## EXERCISE
The following entries are to be repeated exactly, and the pictures are to be left behind.

** WORKING DATA follows **

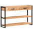 Dette opbevaringsskab er lavet af massivt akacietræ, et hårdttræ med tætte åremønstre. Dette smukt designede opbevaringsskab er stabilt, holdbart og iøjnefaldende. Det udsøgte håndværk og de smukke åremønstre gør hvert møbel unikt. Det stærke, pulverlakerede jernstel bidrager til robustheden. Den robuste top er ideel til fremvisning af pyntegenstande såsom billedrammer eller potteplanter. Konsolbordet har 2 skuffer og 2 hylder, så du kan holde bøger, magasiner og andre ting pænt organiseret og inden for rækkevidde.
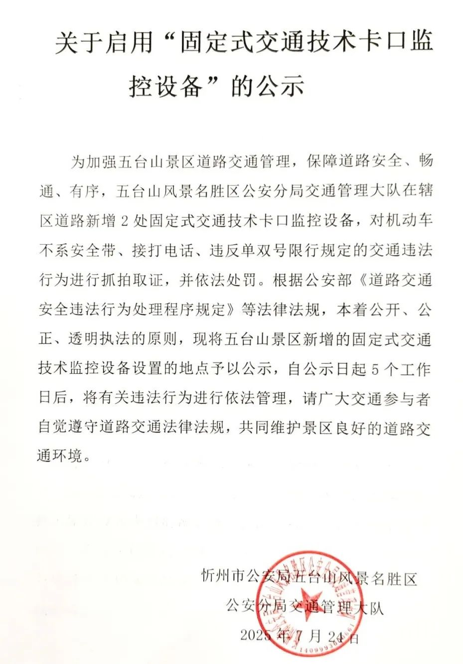 关于五台山景区启用“固定式交通技术卡口监控设备”的公示
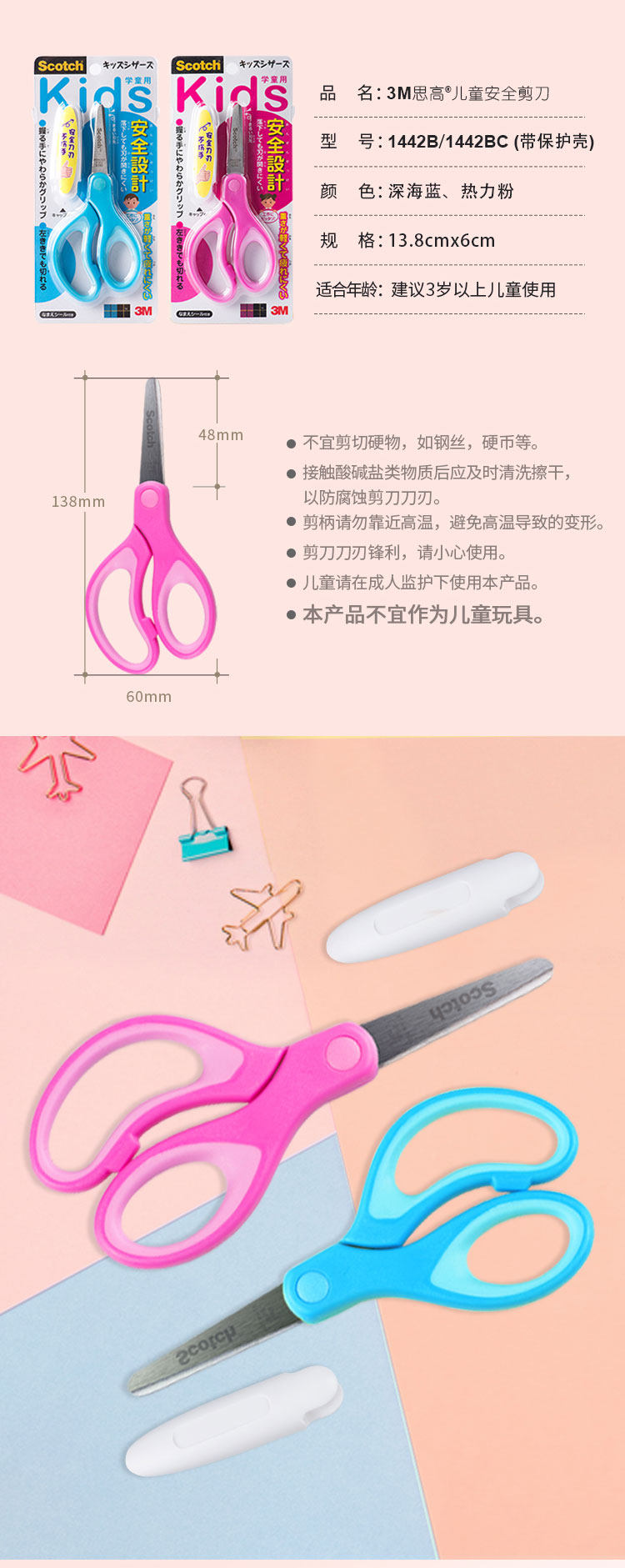 3M Детские безопасные безвредные ножницы, маленькие художественные поделки из бумаги ручной работы из нержавеющей стали для школьников и студентов, детский пластиковый комплект для детского сада, 5 дюймов
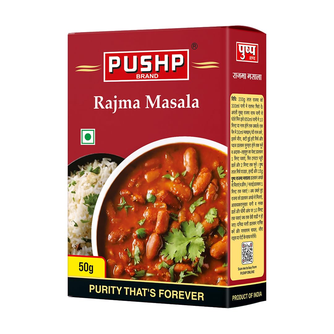 Turn your everyday rajma into a restaurant-style delight with Pushp Rajma Masala. Expertly crafted from a blend of over 25 hand-picked spices this masala elevates the humble kidney bean curry into a richly aromatic and flavorful experience. Whether you're cooking for your family or entertaining guests this 50g pack delivers the perfect balance of taste and tradition without any artificial additives. Ideal for North Indian rajma curry preparations it blends seamlessly with your ingredients to offer a wholesome and satisfying taste.
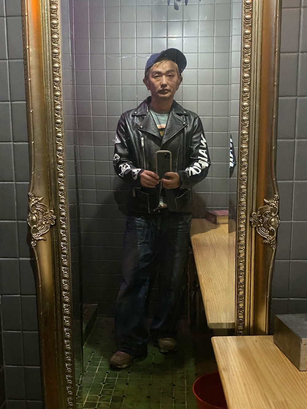 ダブルの革ジャンをワイドパンツで合わせストリートmixにしちゃう これもありですね

** End of WORKING DATA **

## ANSWER TO THIS TASK
 Dette opbevaringsskab er lavet af massivt akacietræ, et hårdttræ med tætte åremønstre. Dette smukt designede opbevaringsskab er stabilt, holdbart og iøjnefaldende. Det udsøgte håndværk og de smukke åremønstre gør hvert møbel unikt. Det stærke, pulverlakerede jernstel bidrager til robustheden. Den robuste top er ideel til fremvisning af pyntegenstande såsom billedrammer eller potteplanter. Konsolbordet har 2 skuffer og 2 hylder, så du kan holde bøger, magasiner og andre ting pænt organiseret og inden for rækkevidde.
 关于五台山景区启用“固定式交通技术卡口监控设备”的公示
 3M Детские безопасные безвредные ножницы, маленькие художественные поделки из бумаги ручной работы из нержавеющей стали для школьников и студентов, детский пластиковый комплект для детского сада, 5 дюймов
 Turn your everyday rajma into a restaurant-style delight with Pushp Rajma Masala. Expertly crafted from a blend of over 25 hand-picked spices this masala elevates the humble kidney bean curry into a richly aromatic and flavorful experience. Whether you're cooking for your family or entertaining guests this 50g pack delivers the perfect balance of taste and tradition without any artificial additives. Ideal for North Indian rajma curry preparations it blends seamlessly with your ingredients to offer a wholesome and satisfying taste.
 ダブルの革ジャンをワイドパンツで合わせストリートmixにしちゃう これもありですね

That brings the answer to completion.